Ese fue el cine de mi infancia, el que hasta ahora extraño porque los actuales tan ruidosos y pequeños no me gustan para nada. Al último cine que asistí en un acto de rebeldía y protesta contra los cines de hoy fue al Benalcázar. Quise convencer a mis hijas que por el mismo valor podíamos ver dos películas, que no tendríamos que oler a comida, ni oír al señor de al lado masticar esos enormes baldes de canguil durante la función. María Paz aceptó, Carito no se arriesgó.

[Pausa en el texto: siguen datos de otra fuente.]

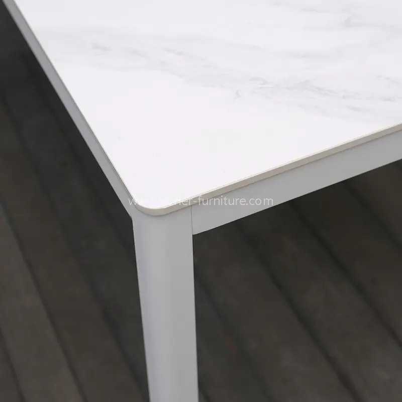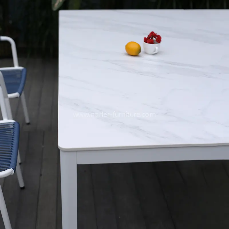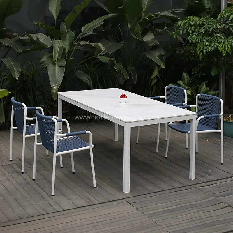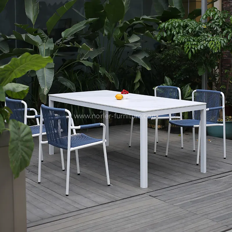 La cintura intrecciata in alluminio e la sedia esterna utilizzano una cornice in lega di alluminio ed è stata trattata con spruzzatura anticorrosiva. Ha un'eccellente resistenza alle intemperie e resistenza alla ruggine, rendendolo adatto per un uso esterno a lungo termine. La superficie del sedile utilizza cinture intrecciate ad alta resistenza, che sono elastiche e traspiranti, fornendo una sensazione di seduta comoda e non sono facili da deformare o età. Il tavolo è realizzato con lastre di roccia di alta qualità con una superficie liscia. È resistente alle alte temperature, ai graffi e ai raggi UV, rendendo facile da pulire e mantenere quotidianamente. La cintura intrecciata in alluminio tavolo da esterno e tavolo delle sedie da tavolo non è solo forte e resistente, ma migliora anche l'aspetto generale dei mobili!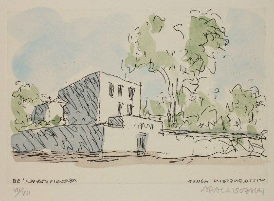 磯崎新が古今東西の建築家12人に捧げたオマージュとして、12軒の栖を選び、描いた銅版画連作〈栖十二〉全40点を出品、全て作家自身により手彩色が施されています。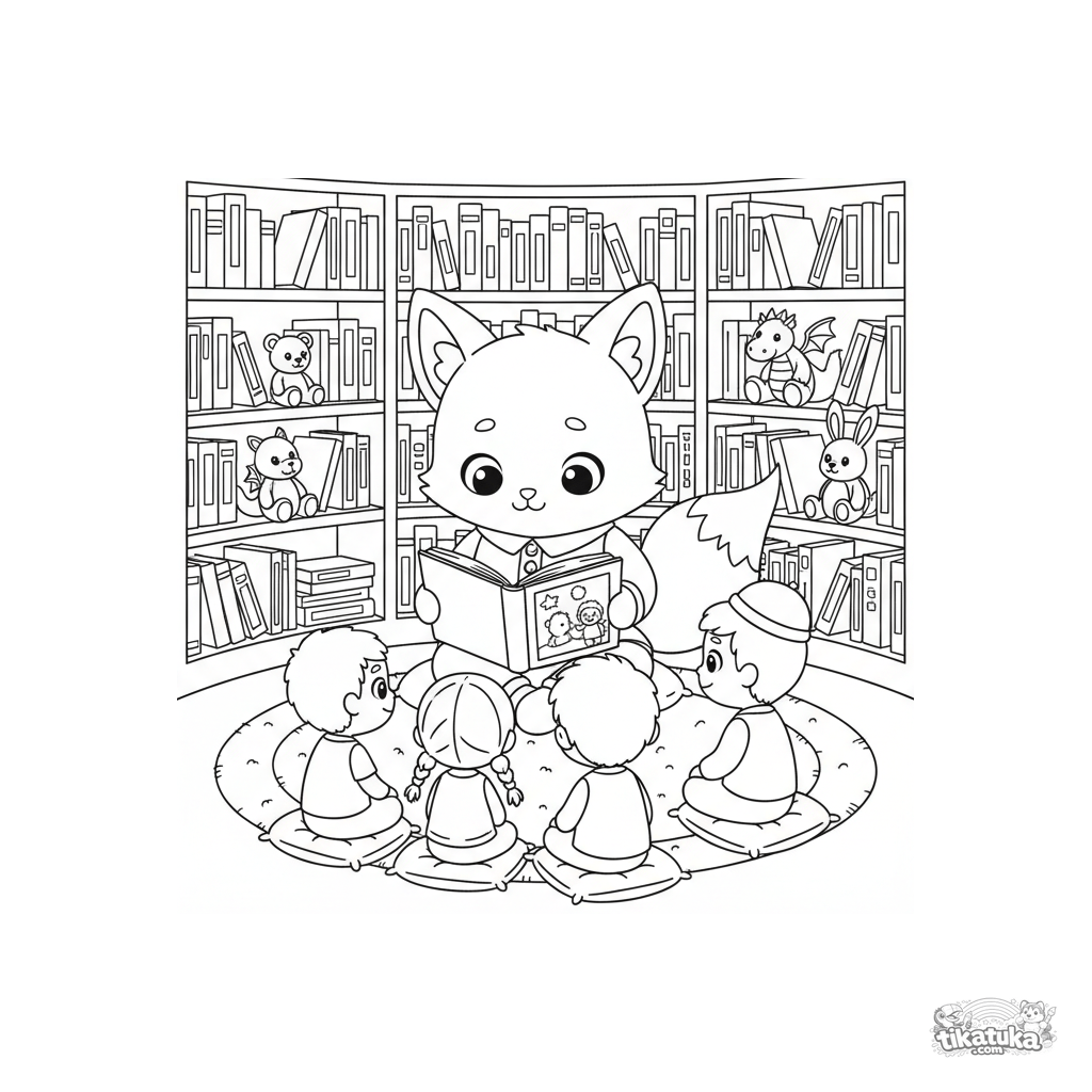 Ausmalbild eines freundlichen Tier-Superhelden mit Fuchsohren, der Kindern in einer Bibliothek vorliest. Für Kinder von 4-6 Jahren.

Llegamos al cine y un amplio parqueadero cerrado y gratuito nos esperaba. Un amable señor de chaleco azul nos abrió la puerta y luego nos vendió las entradas. Fue el mismo amable caballero quien nos las recibió y nos condujo hacia la enorme y cómoda sala, con linterna, como debe ser. Yo veía maravillada el espacioso cine con asientos al escoger, podía sentarme ¡donde yo quisiera! Optamos por irnos al segundo piso y desde allí gozar la vista panorámica.
Antes de que la primera película empezara, mi hija decidió comprar el potaje que siempre nos acompañaba en el cine: papitas fritas sin marca y una barrita de chocolate Bios. Al volver me dijo burlona: “¿Adivina quién me atendió en el bar?” Yo fingí no haberla oído porque mi interés era convencerla de salvar estos cines de una muerte injusta.
Empezó la película y el no sentir el ruido de los efectos especiales estallar dentro de mi cabeza, y no ver cómo los protagonistas se abrazaban encima de mí, fue magistral, pero justo cuando mi emoción se desbordaba, ¡la película se cortó!, y el señor del chaleco azul corrió gradas arriba cargando el segundo rollo de la película.